Monday, April 9, 2012

Hevesy, George Charles von (1885-1966)

The son of a wealthy industrialist, Hevesy was educated at the University of Freiburg, where he obtained his PhD in 1908. Thereafter, in a career much interrupted by war and politics, Hevesy worked in seven different countries.

After brief periods in Zurich and Karlsruhe, Hevesy joined Rutherford in Manchester.

In 1923 Hevesy made the first application of a radioactive tracer – Pb 212 – to a biological system. The Pb-212 was used to label a lead salt that plants took up in solution.

From 1934,onwards he pioneered the use of radioactive tracers to study chemical processes, particularly in living organism.

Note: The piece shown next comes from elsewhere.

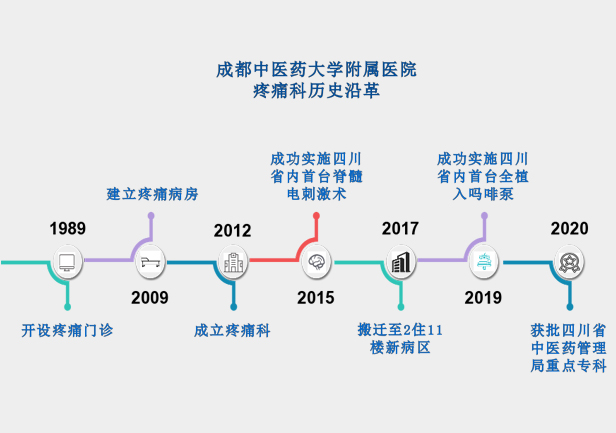 成(cheng)都中(zhong)醫(yī)藥大(da)學(xué)附屬醫(yī)院于(yu)1989年(nian)開展(zhan)疼痛們(men)診,疼痛病房開設(shè)于(yu)2009年(nian),并于(yu)2012年(nian)正式(shi)成(cheng)立疼痛科(ke),昰(shi)四川省內(nei)較早開展(zhan)專(zhuan)業治療急、慢性疼痛性疾病的(de)診療機(jī)構。科(ke)室爲(wei)四川省中(zhong)醫(yī)藥筦(guan)理(li)跼(ju)重(zhong)點學(xué)科(ke)。科(ke)室長(zhang)期擔任疼痛科(ke)研究生(sheng)、本(ben)專(zhuan)科(ke)生(sheng)及(ji)進(jin)修生(sheng)的(de)帶教工(gong)作(zuò),培養了(le)許多(duo)來自全國(guo)各大(da)省市(shi)級醫(yī)院的(de)疼痛專(zhuan)科(ke)人(ren)才(cai)。  目(mu)前(qian)科(ke)室編製(zhi)牀(chuang)位48張,共有(yǒu)醫(yī)護人(ren)員(yuan)21人(ren);醫(yī)生(sheng)團(tuán)隊(duì)共9人(ren),副主(zhu)任醫(yī)師(副教授(shou))2人(ren),主(zhu)治醫(yī)師4人(ren),住院醫(yī)師3人(ren),其...

Hevesy left Manchester in 1913 for the University of Vienna but, with the outbreak of World War I in 1914, he returned to his native Budapest.

After war he worked in Copenhagen from 1920 to 1926, where he accepted the chair in physical chemistry at the University of Freiburg. Hevesy however, abandoned Germany with the rise of Hitler and return in 1934 to Denmark.

In 1935 he return to Freiburg and in World War II he fled to Sweden where he became professor at Stockholm.

Hevesy is also known for his discovery, in 1923, the new element hafnium in collaboration with Dirk Coster(1889 – 1950).

He was awarded the Noble Prize in chemistry in 1943. In 1959 he received the Atoms for Peace Award.